Was sind die Tophets? Aus dem Vorausgehenden geht hervor, dass es sich nicht um grausame Opferstätten handelt, sondern um besondere Nekropolen und gleichzeitig Heiligtümer unter freiem Himmel, damit die Gottheiten ständig anwesend sein konnten: Sie waren Baal Hammon und Tanit geweiht und wurden von den eigentlichen Nekropole getrennt gehalten, da diese so kleinen Kindern, die in der Mehrzahl der Fälle nicht das Licht der Welt erblickt haben, einen anderen Status als die Erwachsenen hatten. Sie gehörten noch nicht der Gemeinschaft an, da sie verstorben waren, bevor sie durch einen Initiierungsritus wie der Taufe bei den Christen oder der Beschneidung bei den Moslems und Juden in die Gemeinschaft aufgenommen werden konnte, .

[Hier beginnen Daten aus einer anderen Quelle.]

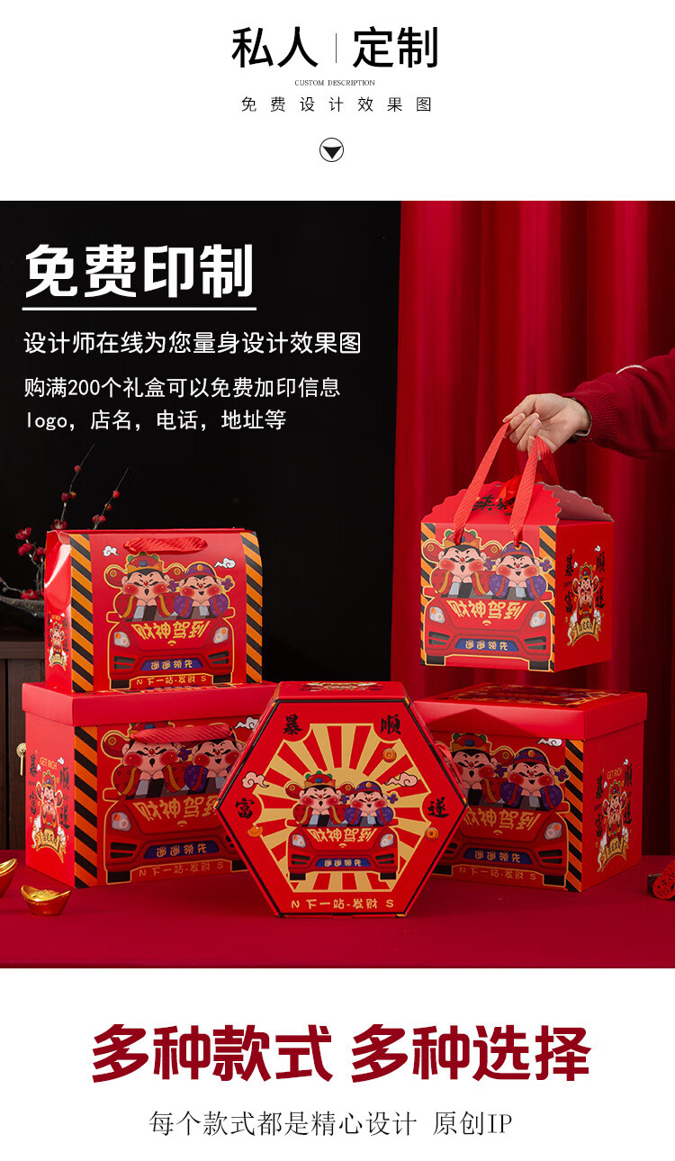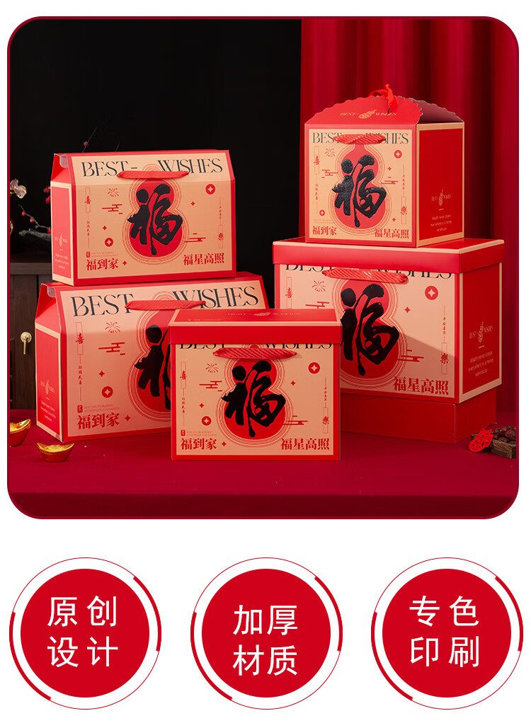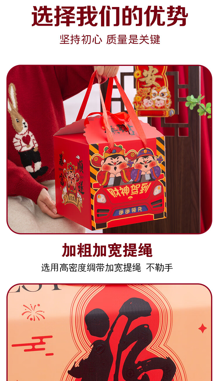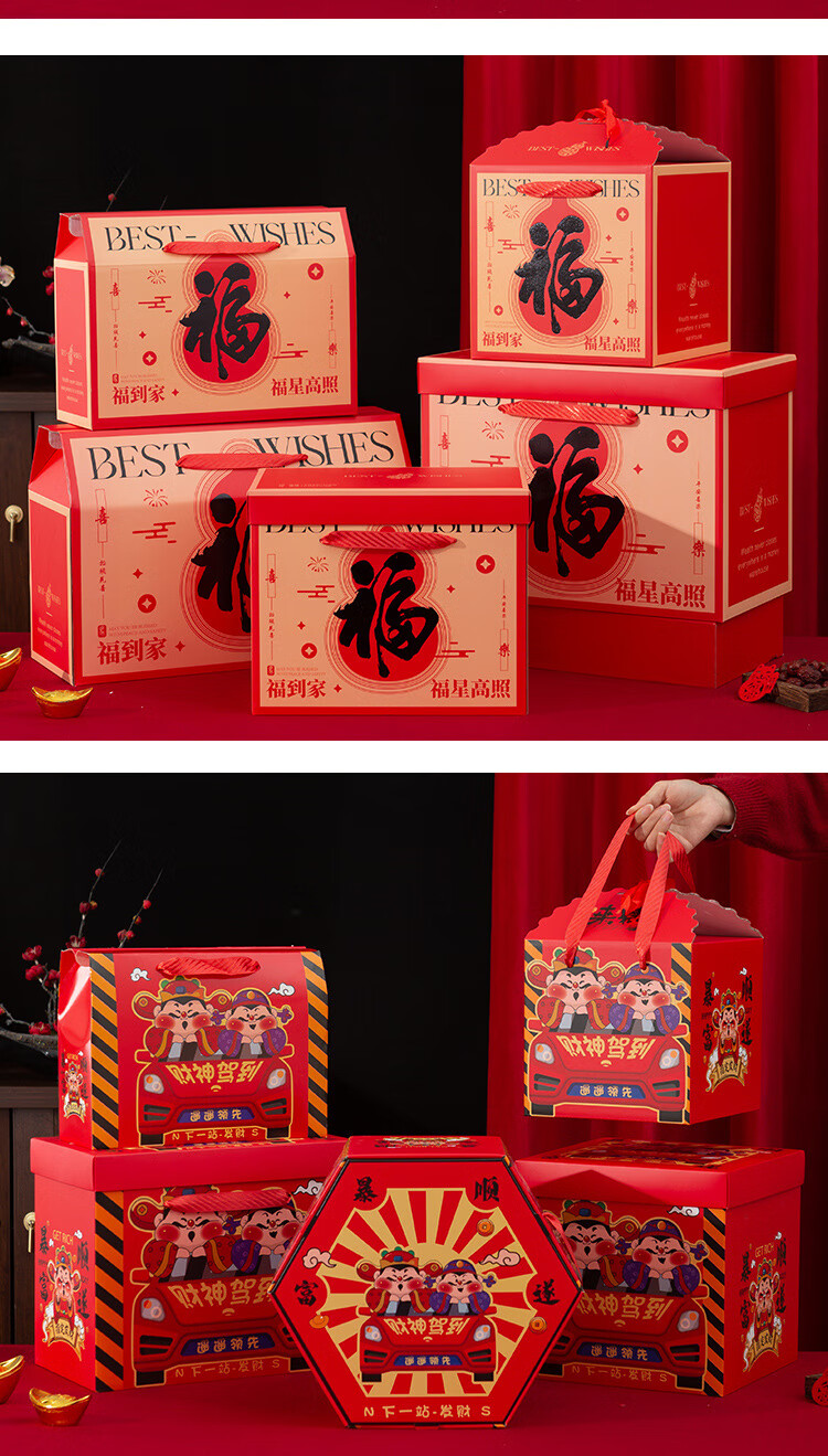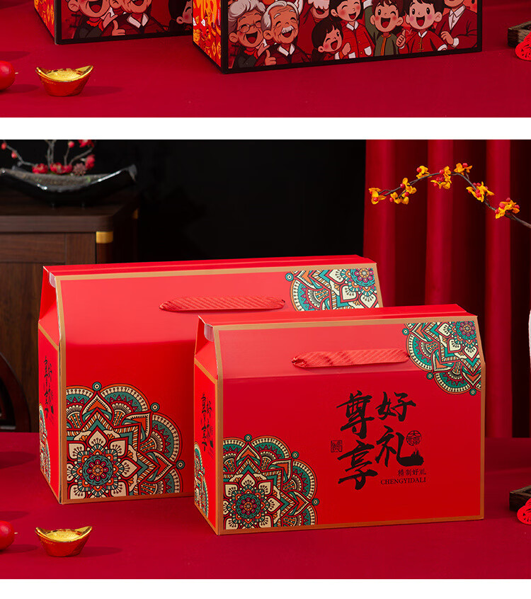 桔梗缘2026马年国潮年货礼盒包装盒空盒子新年熟食土特产外包装手提礼盒 【手提盒大号】金马献瑞 45*18*29cm 空盒 1个

Nach der Auswahl der Stelle des Heiligtums wurde es nicht mehr verlegt, wie dies hingegen bei den Nekropolen für Erwachsene der Fall war. Auch in der römischen Zeit wurden die Tophets noch respektiert und genutzt, wie dies in Karthago der Fall war, wobei Saturn die traditionelle Gottheit Baal Hammon nach und nach überlagerte, was nahelegt, das dieser Ort eine besondere Bedeutung hatte.

Bibliografia

  • P. BARTOLONI, Il museo archeologico comunale “F. Barreca” di Sant’Antioco, Sassari 2007.
  • M. GRAS, P. ROUILLARD, J. TEIXIDOR, L’Universe phénicienne, Paris 1995.
  • C. TRONCHETTI, S. Antioco, Sassari 1989.